XXVII. Then a Samaritan comes along… Imagine Jesus audience here. “Samaritans—worst of the worst. We’re going to see some bad things here.” Imagine Jesus continuing, “A Samaritan, as he journeyed, came to where he was, and when he saw him…” and then he pauses. Oh, the anticipation. Was the Samaritan going to ignore him like the Edomites? Was Jesus going to say, “…and when he saw him, he mocked and snickered at him. ‘Serves you right!,’ he said.” Or worse? “…and when he saw him, he checked his pockets for money?” Or what about, “…and when he saw him, he kicked him a few times?” Who are we kidding? It’s a Samaritan! He probably did all of those!

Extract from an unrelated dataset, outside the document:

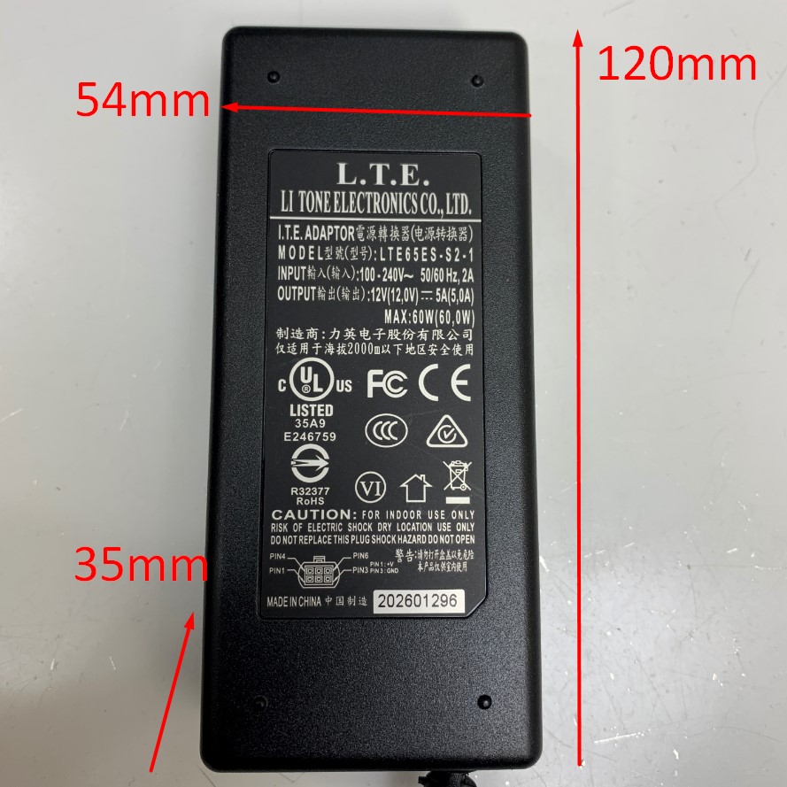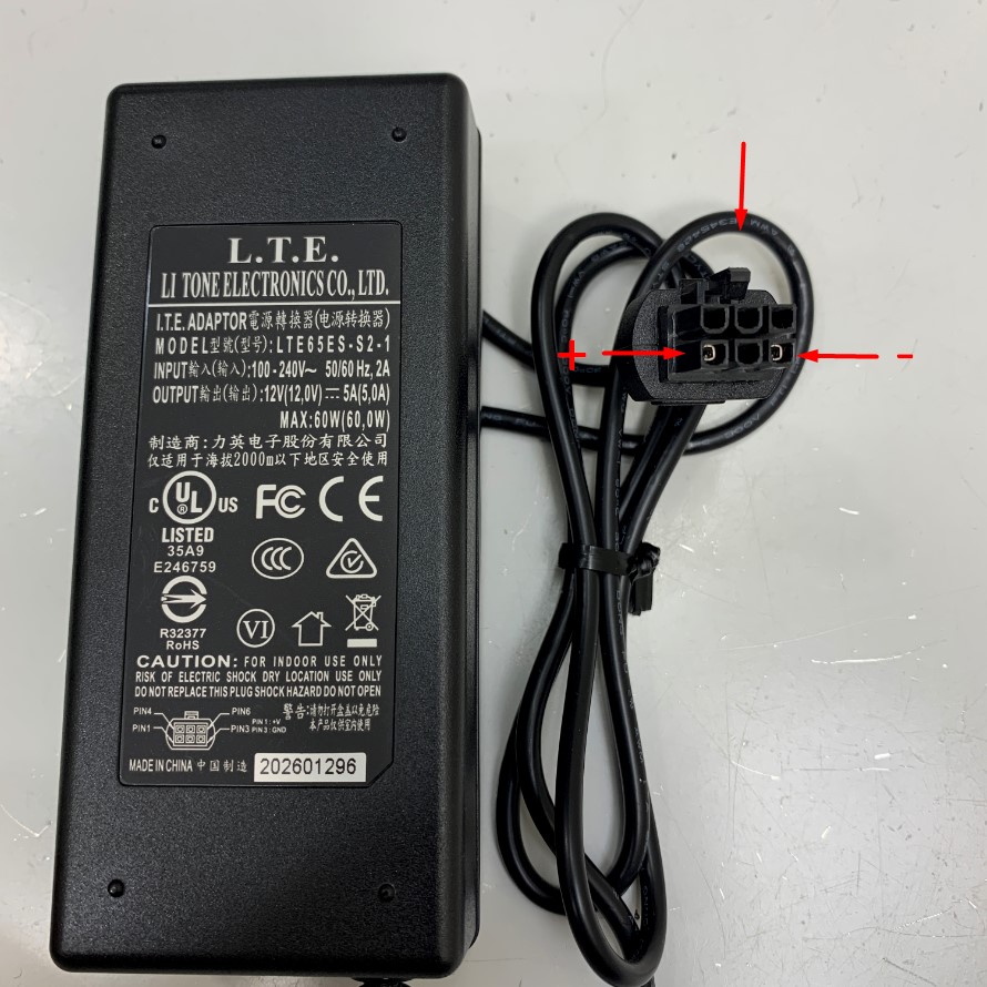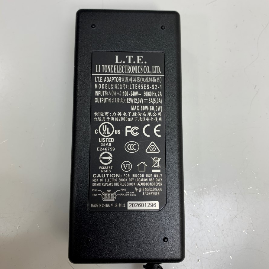 Adapter 12V 5A 60W L.T.E. LTE65ES-S2-1 Connector Tip Size Molex 6 Pin Pitch 4.2mm
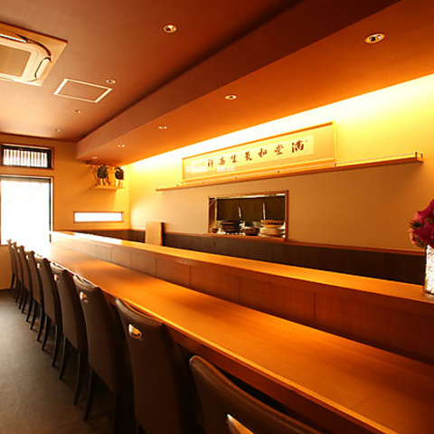 カウンター席や小型テーブル席は少人数にぴったりの仕様になっており、特別感のある落ち着いた雰囲気で食事を楽しめます。木目調のインテリアに柔らかな照明が映え、親しい方との距離を大切にできます☆静かな環境ながら臨場感ある空間で、職人技を眺めながら一皿ずつ味わえるのも魅力◎

XXVIII. Then Jesus finishes, “…and when he saw him, he had compassion.” Compassion. A Godly attribute that is so important to exercise. Compassion considers the other person first. It cares for the other person. It requires empathy. Pride loves self instead of loving God or others. Humility loves God and others more than self. What is humility? Humility loves God and others more than self. What does this love look like? Having compassion on others. Instead of focusing on ourselves, it focuses on our neighbor. Humility loves God and others instead of self. The first step in growing in humility is to cultivate and hold Christ-like compassion for others.
XXIX. The second step comes in what the Samaritan did next. He went to this hurting man and bound up his wounds and brought him to an inn. He paid the inn keeper 2 denarii—the equivalent of two days wages—to help with his further care. Just as a prideful heart is shown in actions, a humble heart is shown in actions. The Samaritan didn’t ignore the man, he became directly involved and worked to help him recover. He didn’t gloat, but bandaged. He didn’t loot, but gave sacrificially. He didn’t hurt him, but cared for him. What is humility? Humility loves God and others more than self. What does this love look like? It’s giving of ourselves sacrificially. We spend our time and money in service of others, not for ourselves. Pride says I do what I want when I want with my time. Humility says… love says… that time is sacrificially spent for God and others. The second step in growing in humility is to spend our time sacrificially for God and others.
XXX. Finally, how to grow in humility comes in the last action of the Samaritan. He says, “take care of him, and whatever more you spend, I will repay you when I come back.” Not only did the Samaritan take care of the man’s immediate needs, but sought to help him in the future as well. He wasn’t done after the initial crisis, he was committed to the man’s full healing. What is humility? Humility loves God and others more than self. What does this love look like? It’s committed to pursuing full restoration. Pride only commits to pursuing our own ends—our own vindication. Humility is completely opposite. Humility loves God and others more than self. The third step in growing in humility is to commit ourselves to pursuing full restoration.
XXXI. Jesus teaches us to be humble—to love God and others more than self. We will show this in our compassion for others, giving of ourselves sacrificially, and pursuing full restoration of others. We will be outward focused and not inward focused. This is our call. This is our mandate. Let us humble ourselves before God and others.